### Problem to work on:
The lines to reproduce from the material below are those from the one containing "Niks is leuker" through the one containing "А как ты думаешь, о", both included; write them out exactly and add nothing.

### Exercise materials:
◇ ◇ ◇ ◇ ◇ ◇ ◇

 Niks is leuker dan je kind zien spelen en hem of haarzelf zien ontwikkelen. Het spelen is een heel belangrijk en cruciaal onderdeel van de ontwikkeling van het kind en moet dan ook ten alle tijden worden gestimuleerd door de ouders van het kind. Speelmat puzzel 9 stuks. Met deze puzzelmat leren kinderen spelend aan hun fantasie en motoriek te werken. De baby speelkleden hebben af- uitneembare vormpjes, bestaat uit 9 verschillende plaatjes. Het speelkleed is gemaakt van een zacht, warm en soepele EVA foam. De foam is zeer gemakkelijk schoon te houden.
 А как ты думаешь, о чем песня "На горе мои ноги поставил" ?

◇ ◇ ◇ ◇ ◇ ◇ ◇

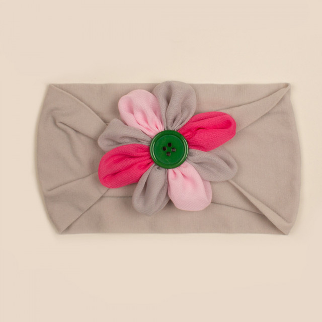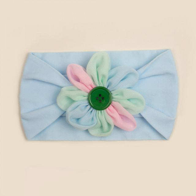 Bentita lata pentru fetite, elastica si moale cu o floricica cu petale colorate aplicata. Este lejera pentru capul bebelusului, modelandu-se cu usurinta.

◇ ◇ ◇ ◇ ◇ ◇ ◇

### Task response:
 Niks is leuker dan je kind zien spelen en hem of haarzelf zien ontwikkelen. Het spelen is een heel belangrijk en cruciaal onderdeel van de ontwikkeling van het kind en moet dan ook ten alle tijden worden gestimuleerd door de ouders van het kind. Speelmat puzzel 9 stuks. Met deze puzzelmat leren kinderen spelend aan hun fantasie en motoriek te werken. De baby speelkleden hebben af- uitneembare vormpjes, bestaat uit 9 verschillende plaatjes. Het speelkleed is gemaakt van een zacht, warm en soepele EVA foam. De foam is zeer gemakkelijk schoon te houden.
 А как ты думаешь, о чем песня "На горе мои ноги поставил" ?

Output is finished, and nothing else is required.